Government launches ‘The Skills Toolkit’
A new online learning platform was launched today by Education Secretary, Gavin Williamson, to help people while they are asked to stay at home.
The Skills Toolkit is made up of free online resources to help improve digital and numeracy skills to and allows furloughed employees in particular the opportunity to keep up their skills development while at home. Digital courses include tools for using email and social media more effectively at work, to creating online content developed by the University of Leeds and the Institute of Coding, to understand the Fundamentals of Digital Marketing from Google Digital Garage, as well as Open University courses. All courses are free, online and flexible, so people can work through them at their own pace.
The internet is being used increasingly across all areas of life as technology offers a number of benefits to the individual which those who are digitally excluded miss out on, such as online shopping, banking, medical appointments. These skills are needed more than ever in the current climate. In terms of earnings and employability benefits, the Skills Funding Agency’s research estimates that within the next 10 to 20 years, 90% of jobs will require some sort of digital skills. Research by Lloyds Bank estimates that half of those online indicated that the internet had helped them find a job.

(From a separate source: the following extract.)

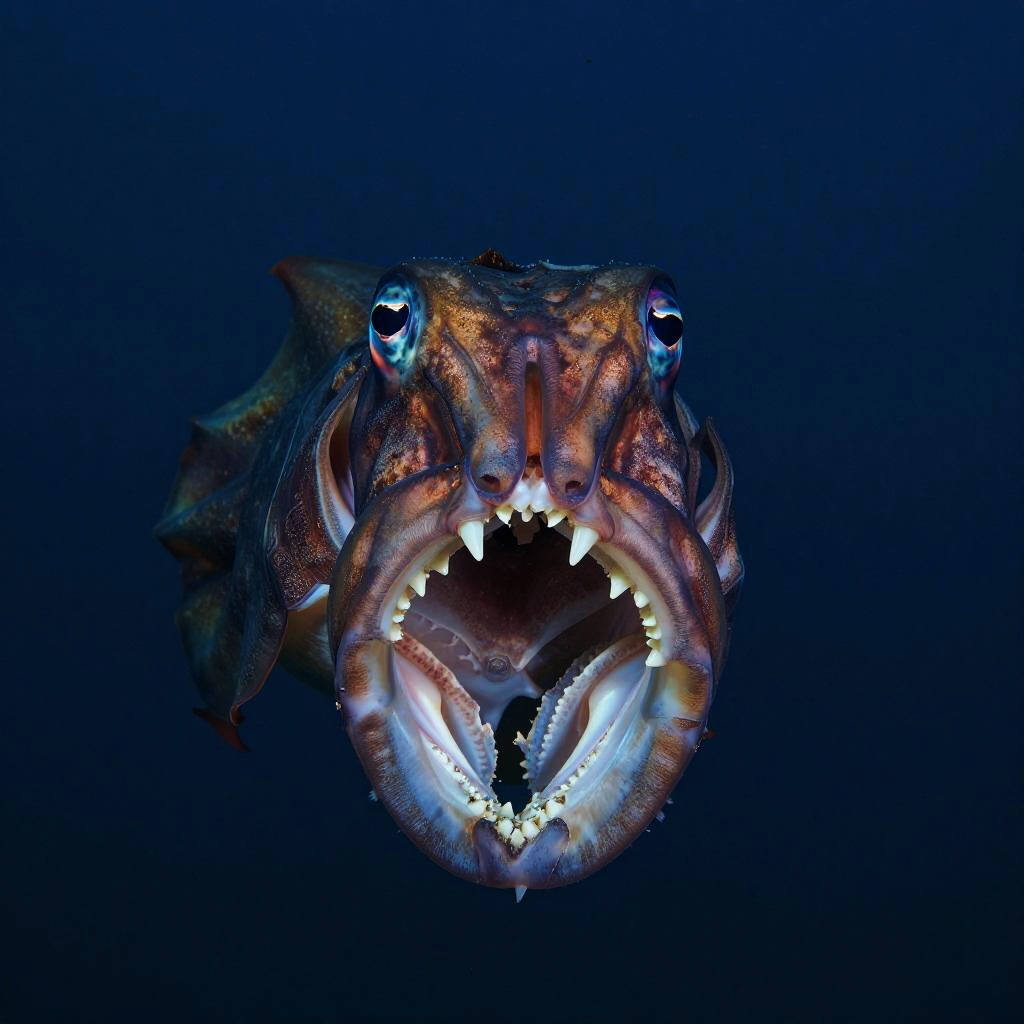 Close-up of deep sea monkfish with wide mouth and sharp teeth, murky blue water background, glowing eyes, rich texture, photorealistic undersea creature portrait, dramatic shadows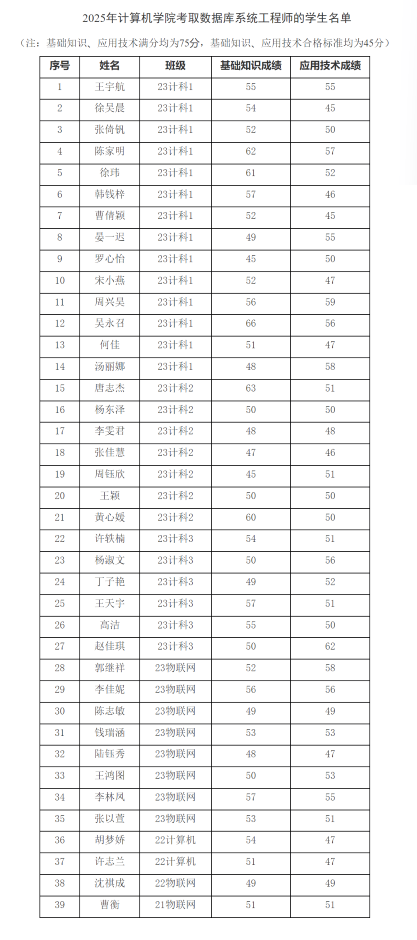 2025年上半年全国计算机软件资格水平考试(简称软考)成绩近日揭晓,计算机学院39名学生考取数据库系统工程师(中级职称)。

This also highlights that the digitally excluded will be increasingly at a disadvantage unless they are specifically catered for. The ONS published a report which stated that there were still 5.3 million adults in the UK (10% of the adult UK population) who were non-internet users, i.e. had never used the internet or hadn’t used it in the three months prior. BSG commissioned ComRes to look at reasons for digital exclusion. A significant proportion (around 70%) said they didn’t know how to use or didn’t have the skills to use the internet. Many tended to see it as too complicated or difficult to learn. The BSG welcomes all steps being taken by Government to bridge the gap and get people online.